In typical times, people tend to become more conscientious and agreeable and less neurotic with age, a process known as psychological maturation. But in the United States, the pandemic seems to have reversed that personality trajectoryespecially among adults under 30, researchers reported Sept. 28 in PLUS ONE. If these patterns continue, it could lead to long-term problems for this cohort, the researchers say.

“As life goes on, you get better at being responsible, dealing with emotions, and getting along with others,” says personality psychologist Rodika Damian of the University of Houston, who was not involved in this study. “The fact that you see the opposite pattern in these young adults indicates delayed development.”

Personalities shape the way people think, feel and behave. Researchers often assess a person’s personality profile along five main traits: neuroticism, conscientiousness, agreeableness, extraversion, and openness to experience (SN: 9/1/21). Over time, these traits change slightly in individuals; neuroticism tends to decrease, for example, while agreeableness tends to improve.

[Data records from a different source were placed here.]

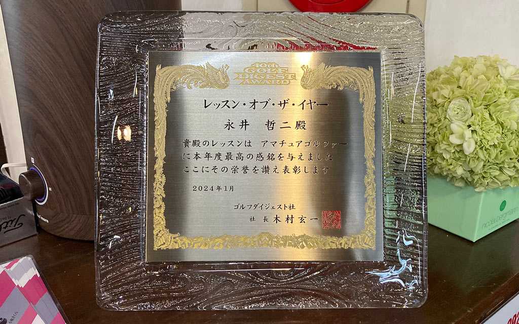 レッスンオブ・ザ・イヤーを受賞した際の盾(撮影:野洲明)
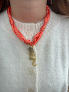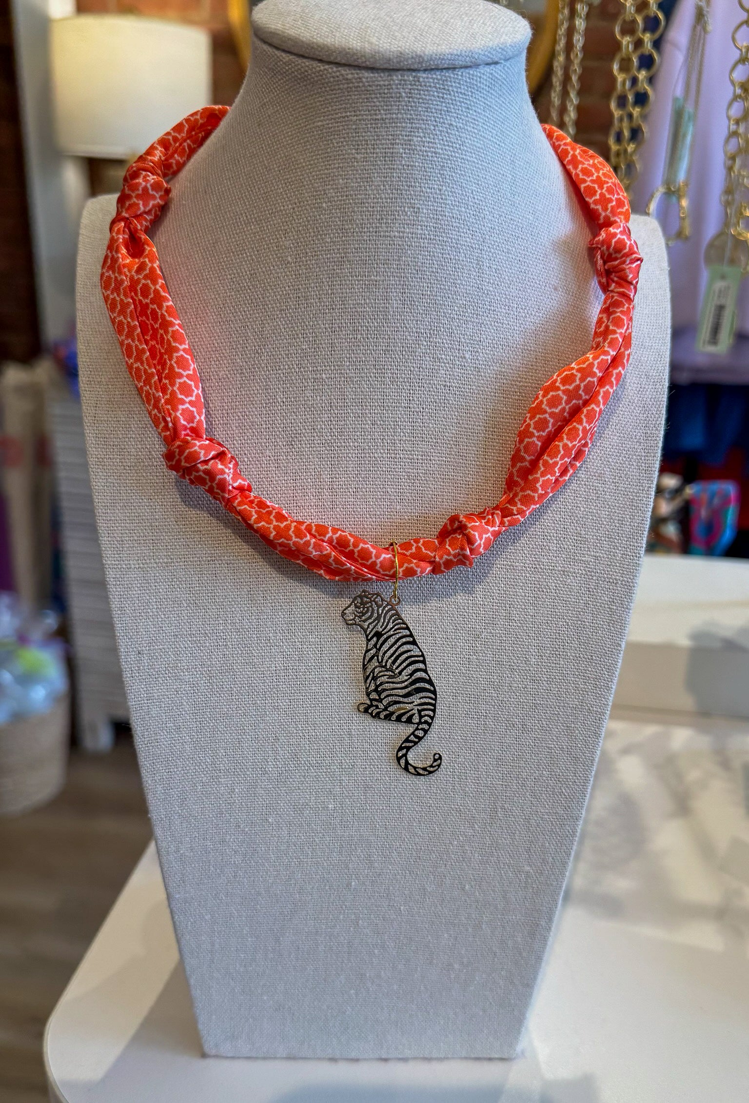 Make a bold statement this game day with the Alecia Scarf Charm Necklace, where spirited style meets elevated flair! Featuring a silky orange and white geometric patterned scarf woven into a knotted design, this piece brings texture and team pride to your outfit. The look is finished with a luxe gold sitting tiger charm for a touch of glam that shines just as bright as your Tiger spirit. Whether worn as a necklace or wrapped around a bag, this versatile accessory is your go-to for playful, fashion-forward game day vibes.
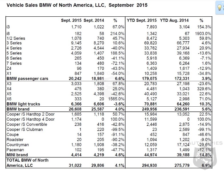 Sales of BMW brand vehicles increased 4.0 percent in September for a total of 26,608 compared to 25,587 vehicles sold in September, 2014. Year-to-date, BMW brand sales are 249,956 vehicles, a 5.6 percent increase from the same period last year.
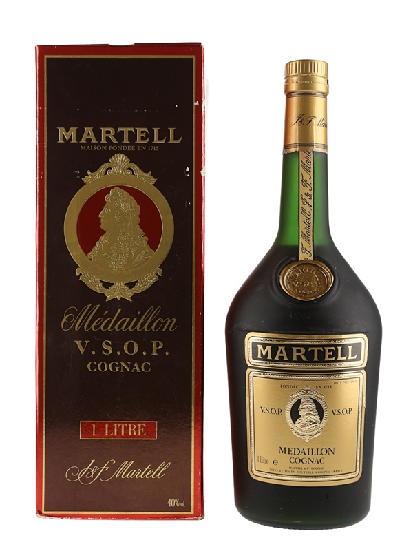 A litre bottle of Martell Medaillon VSOP Cognac. This was bottled for the duty free market, we estimate in the 1980s.
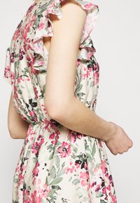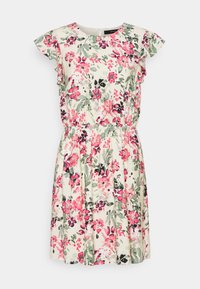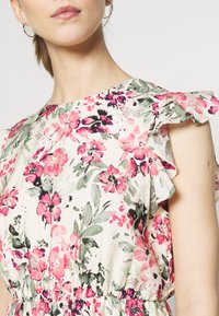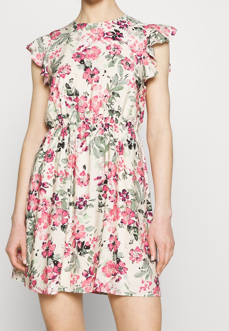 Robe fleurie en tissu léger, présentant un col rond, des manches courtes à volants, une taille élastique et un motif de fleurs roses et vertes.
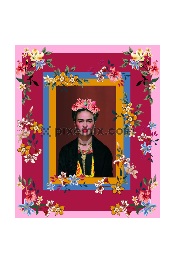 Frida kahlo portrait with rectangular floral photo frame product graphic
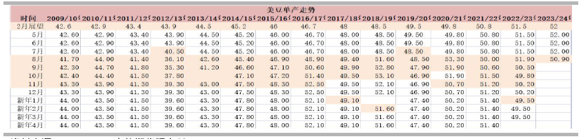 从历史数据看,美国农业部每年在2月份的展望报告中往往给出基于正常天气条件假设的趋势单产。此后,USDA的5月至7月供需报告基本延用2月展望报告中美豆单产的预估数据。8月至11月的供需报告,USDA往往会根据大豆的生长情况、调研情况、收获情况等因素对美豆单产预期进行调整。随着美豆收获完成,12月至次年4月,USDA通常对美豆单产的调整概率以及幅度较小,但也存在这例外情况。
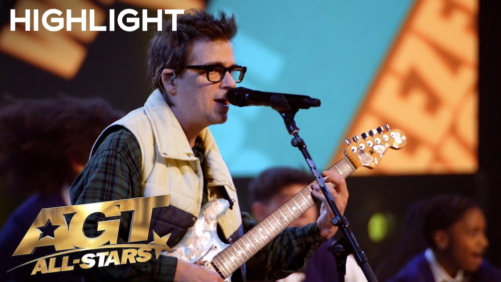 Weezer are having a really high-profile week: first, they announce the "Indie Rock Roadtrip" (aka a summer tour featuring a rotating lineup that includes Modest Mouse and Momma, Future Islands and Joyce Manor, and Spoon and White Reaper), then Rivers Cuomo duets a TikToker and invites him to riff "Buddy Holly" live onstage this summer. Last night, Weezer guested on America's Got Talent, where, with some help from the Detroit Youth Choir, they played SZNZ: Autumn song "What Happens After You?" and Make Believe classic "Beverly Hills." The performance even got a big smile from Simon Cowell, who called the set "absolutely brilliant" and "magic."
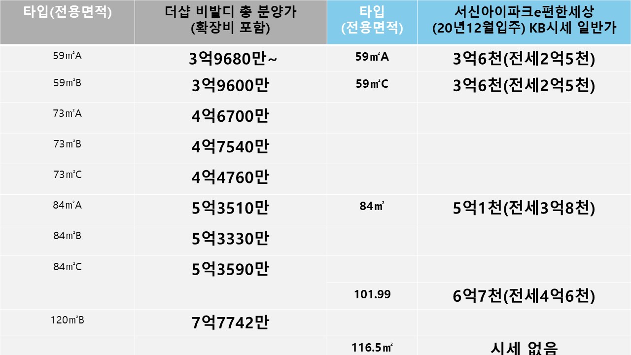 4. 주변 시세와 서신더샵비발디 분양가 비교
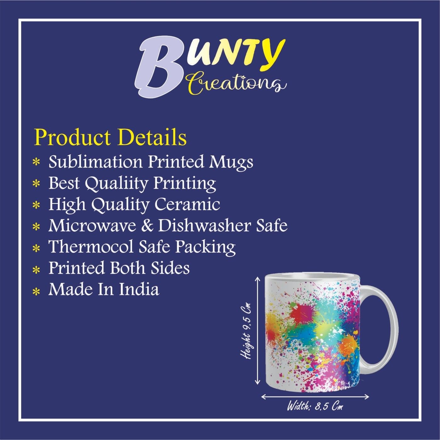 Premium Ceramic::Crystal Mug by Bunty Creations. Capacity: 300 ml.
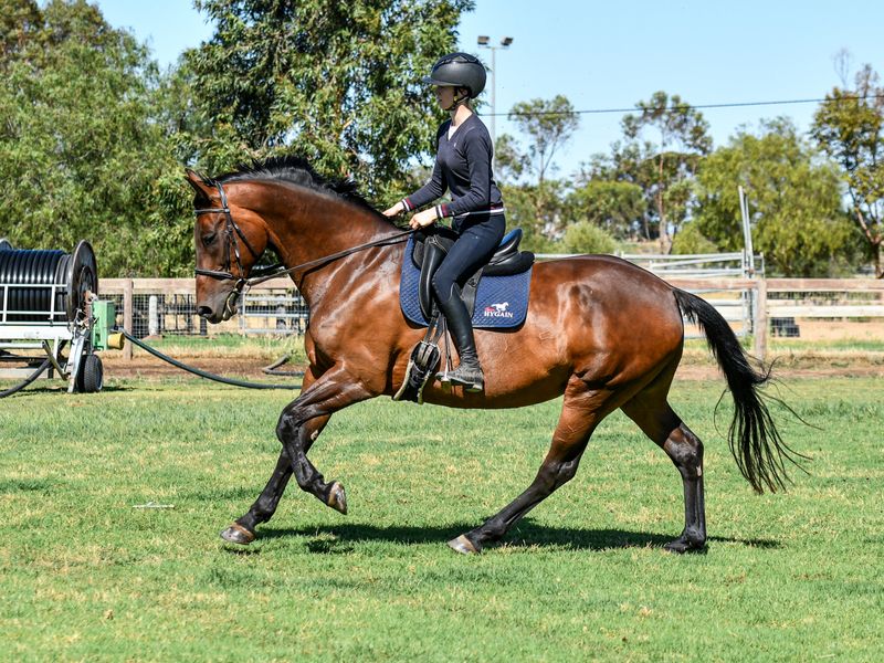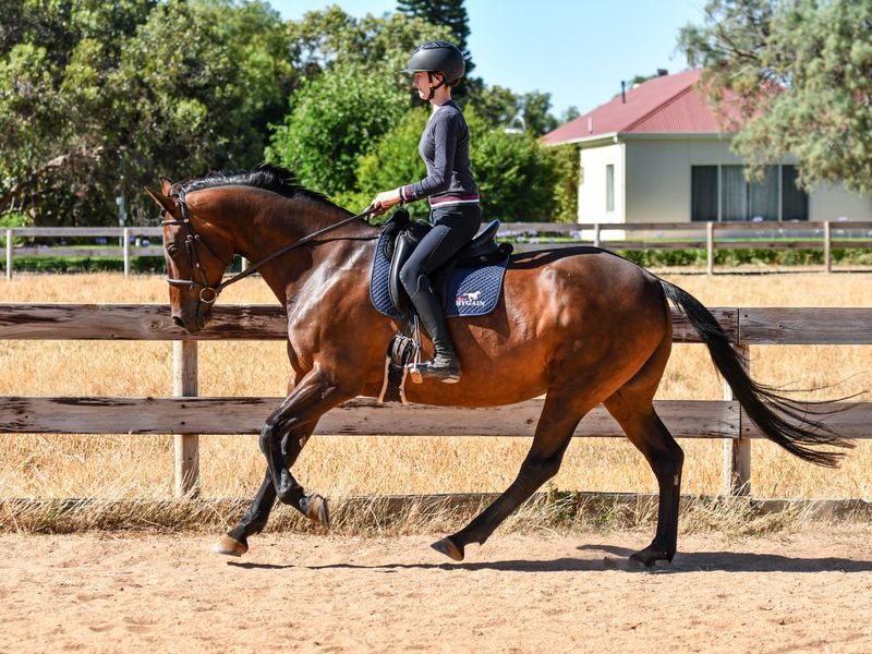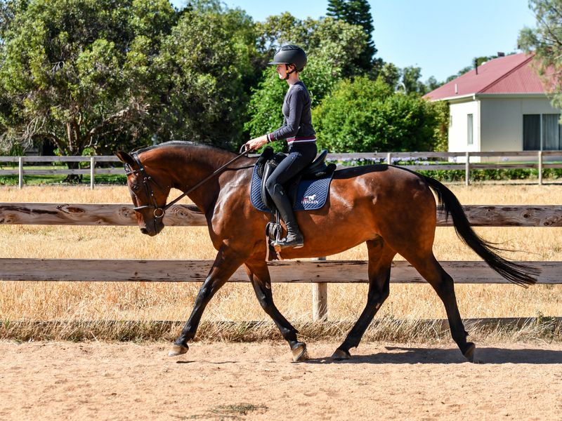 She would suit confident, capable riders from intermediate to adults who would love to do a bit of everything! Adult riding, pony club, interschools, jumping/dressage/eventing, etc. She would not suit a nervous beginner currently or anyone not confident as she has had some quirks in the past--not dangerous or dirty in the slightest!--that have been resolved for over 12 months now. She has not shown any signs of reverting back this prep, she has been super easy and fun and is showing all the right attributes to be a super quiet kids' horse for the future. She is a forward going mare and has slightly more go than woah, (though not hot or fizzy) with a forward walk.

However, the pandemic may change these typical trends. Even after factoring in expected changes, the researchers in the new study observed about a decade’s worth of personality change, averaged across all study participants, in just three years—but in the opposite direction of what was expected. Young adults show the greatest change in certain traits. Middle-aged adults — ages 30 to 64 — show more changes in all traits. Meanwhile, the personality of the elderly remains largely unchanged.

Such age differences make intuitive sense to personality psychologist Wiebke Bleidorn of the University of Zurich. “The density of experiences in adolescence and young adulthood is much higher” than in later life, says Blaidorn, who was not involved in the study. “If you miss your senior year of high school, you can’t get it back.”

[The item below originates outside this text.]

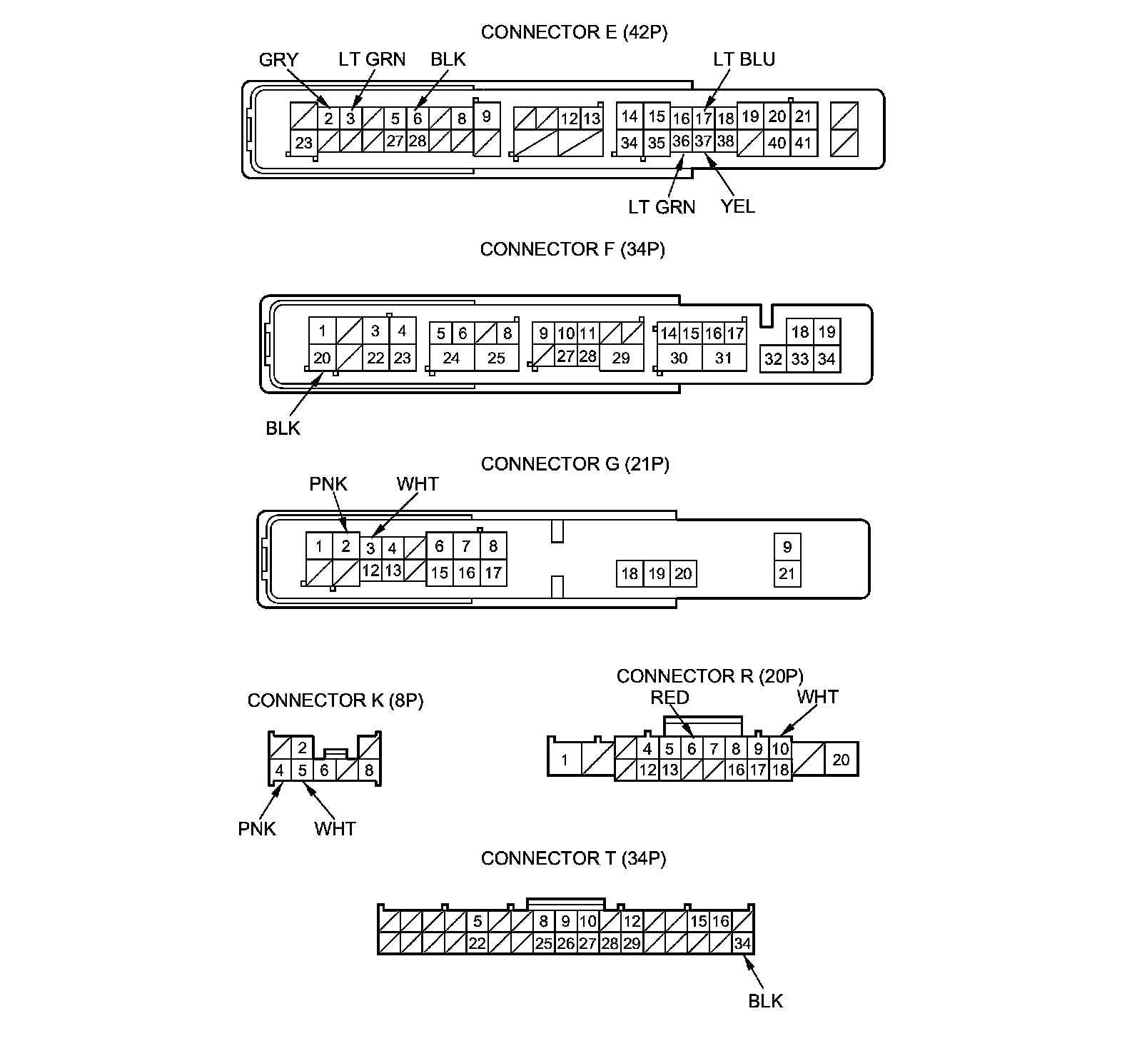 NOTE: All connector views are shown from the wire side of female terminals.
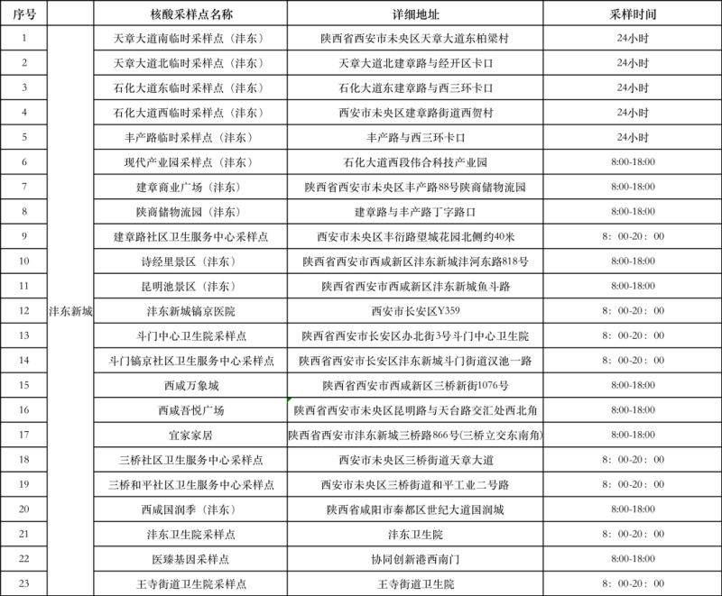 沣东新城核酸采样点位表

To examine personality change in the United States before and during the pandemic, personality psychologist Angelina Sutin and colleagues analyzed data from A Study in Understanding America.

This study examines how attitudes and behaviors across the country are changing in response to major events, such as the 2020 presidential election and the ongoing pandemic. Among those surveyed, approximately 7,000 people — ages 18 to 109 — took a personality test at least once in the six years before the pandemic and once during the pandemic.

Based on these responses, overall neuroticism in the United States fell slightly in 2020, the first year of the pandemic. This finding echoes what the researchers found with a different data set two years ago when they reported on this neuroticism decreased in adults during the first six weeks of the pandemic. But the new findings include data from 2021 and 2022 that show the decline was fleeting.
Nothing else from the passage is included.